Shot with Pentax K1000 50mm. Kodak Tri-X 400 developed in Rodinal 1+50 for 14min at 70deg. Printed on Kentmere RC VC paper. Scanned print. The scan doesn't capture the tonality or luminance of the print but it'll have to do. Nothing beats Tri-X developed in Rodinal in the kitchen sink.


----------



## Derrel

Awesome! I used to develop 35mm Tri-X in Rodinol back in the mid- to late 1980's, and liked the grain effect that it produced when printed conventionally in the darkroom. I'm not that thrilled with how Rodinol-developed Tri-X negatives scan in my Minolta film scanner,however, so scanning a good print is probably a good solution.


----------



## SoonerBJJ

Thanks, Derrel.  And agreed on the problems with scanning negatives.  I know there is an art to scanning negatives well and I haven't invested much thought into it yet, but my negatives are scanning pretty flat with soft grain.  That doesn't bode well for a Rodinal-ized negative that should be appreciated for it's sharp grain.

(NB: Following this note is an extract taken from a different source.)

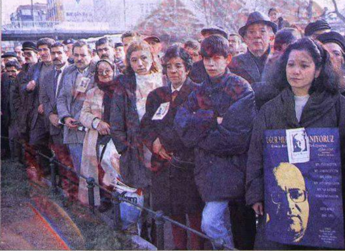
Beşiktaş Meydanı'ndaki Mumcu anıtındaki törenlere çok sayıda vatandaş katıldı. Törende Mumcu'nun cumhuriyeti savunduğu için karantik güçlerin odağı haline geldiğini kaydedildi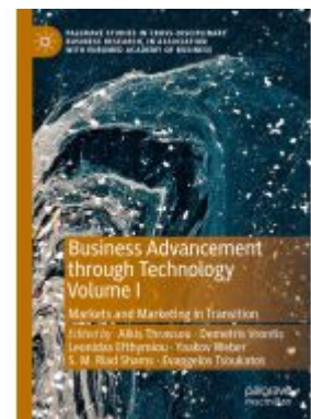
Business Advancement through Technology Volume I Ladenpreis: 175,99EUR

I printed this at grade 2 on VC paper.  The negative is contrasty enough without needing any help from a filter.  I dodged the right upper corner a bit but otherwise it's a pretty straight print.  I can't decide if I want to give a slight burn to the left upper corner.


----------



## stephen

You fellows have much more highly refined eyes than I do.  

 But just as an average Joe looking at the image...I love it.    The lines created by the barbed wire coming in on the horizontal then wrapping to the diagonal.  The close up look at the grain in the wood.  The depth of field tossing the background out of focus.  The tones-contrast.  

Can't speak to film grain as my untrained eyes barely see that, but now I have to confess, here's a guy that makes art out of fence post & barb-wire while I'm stuck looking for subjects to shoot.

I find myself looking back at the out of focus building wondering what it's story is, who lived there, who built this fence, if the place is abandoned.... no doubt an unintended side affect of the image.


----------



## SoonerBJJ

Stephen, thanks for that thoughtful critique.

I came across the abandoned house out on the backroads and couldn't resist the temptation to explore.  I got some other shots of this house and others like it but this was one of my favorites.  I've got a few taken in my wife's Diana F+ that turned out well.  They were developed in HC-110 rather than Rodinal.  I'll try to get some up later.

Thanks again.


----------



## SoonerBJJ

I ran a roll of Tri-X through the Diana F+ today and developed in Rodinal. Diluted 1+50 and developed 18min at 70deg. The ambient temp was 78 and I'd cooled all my solutions in an ice bath. I'd imagine the developer was 72+ by the end of 18min. Did a semi-stand with 3 inversions agitation at 5, 10 and 15min.


----------



## v-dubber

beautiful!


----------